Except himself, and the knife. He washed it first. Then he doused his hands in the cold water, rubbing his face only after they were clean. Then he soaked his vest, tunic, and trousers to get rid of the blood, wrung them out semidry, and put them back on.

He rolled the big knife back in its garbage bag, stuffed it inside his vest, and crabbed his way toward the car. On his way up the embankment, he decided not to report any of what had just happened. There was no reason to. It would just complicate matters. Charlie understood the system, be it Army or CIA: Give them a bone and they will chew on it. Don’t give them a bone, and they won’t have the opportunity.

He made it to the top, scuttled under the guard rail, and pulled himself inside the car. Only then did he give in to the fact that he was totally spent.

He put his head back and reconsidered his position. Was he doing the right thing in not reporting? Yeah, he was. But what about Saif’s ISI contacts? Had the Iraqi mentioned anything?

And if he had, would the Paks be coming after him?

Not necessarily. Charlie had seen this sort of thing in Iraq. The local services treated foreign nationals as disposables. Sure, ISI would make use of Saif, pay him well. But he wasn’t a part of their culture, or their clan. They’d use him and then forget him. Unless, of course, he had mentioned that he’d seen one of the Gitmo Infidels sitting outside a zam-zam shop.

But all of Charlie’s instincts told him Saif hadn’t said a word. Not to ISI or anybody else. Saif had said it himself: he wanted to kill Mr. José and do it slowly. He wanted revenge on Mr. José. It had been personal.

Personal.

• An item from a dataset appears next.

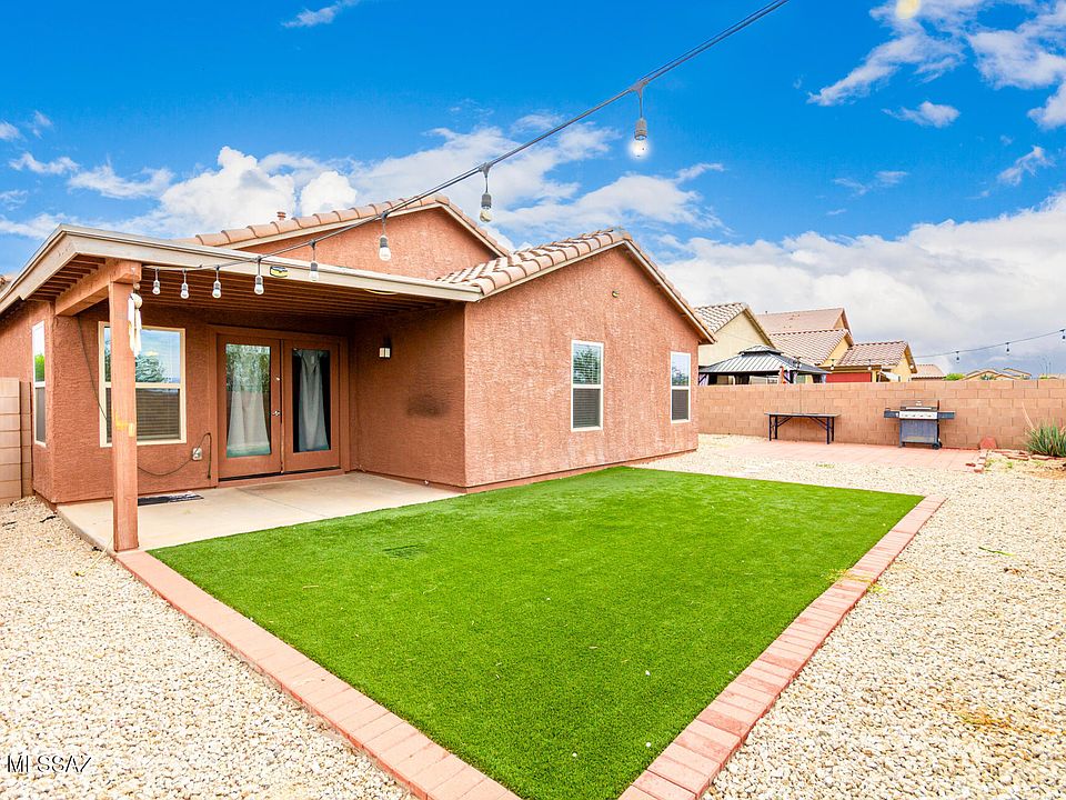 3D Matterport & Floor Plan available at Homes.com. Offering 3 beds, 2 baths, 2-car garage, & a desert front yard. The inviting interior showcases abundant natural light, a designer palette, tile flooring in common areas, and plush carpet in bedrooms. You'll love the spacious, seamlessly flowing open layout paired with French doors to the back! The kitchen boasts SS appliances, a pantry, recessed lighting, ample espresso cabinetry, and an island w/breakfast bar. The versatile den is perfect for an office. The main bedroom has a walk-in closet & an ensuite w/dual sinks. If you want to relax or enjoy BBQ, the backyard awaits! A covered patio, well-laid pavers, & artificial turf complete the picture. No neighbors behind, adding extra privacy plus mountain views!

That was Saif’s mistake. Too bad for him.

And good for Charlie.

Time to move. Charlie adjusted the seat, maneuvered his sticks—he’d use one in his left hand to control the gas pedal and the brake—and turned the ignition key.

That’s when he remembered he hadn’t closed the trunk.

“Oh, shit,” he said out loud.

The words brought a laugh. They were the first English he’d spoken in more than a month.

As he rolled out and dragged himself toward the rear of the car, he was already thinking about where he would abandon the vehicle. Of course he was. Exhausted or not, Charlie always tried to follow the Ranger’s Rule of the Five Ps: Proper Planning Prevents Poor Performance.

He knew a neighborhood on the southwest side of Abbottabad where he could leave it. He’d take the plates. The car would be stripped clean within twenty-four hours.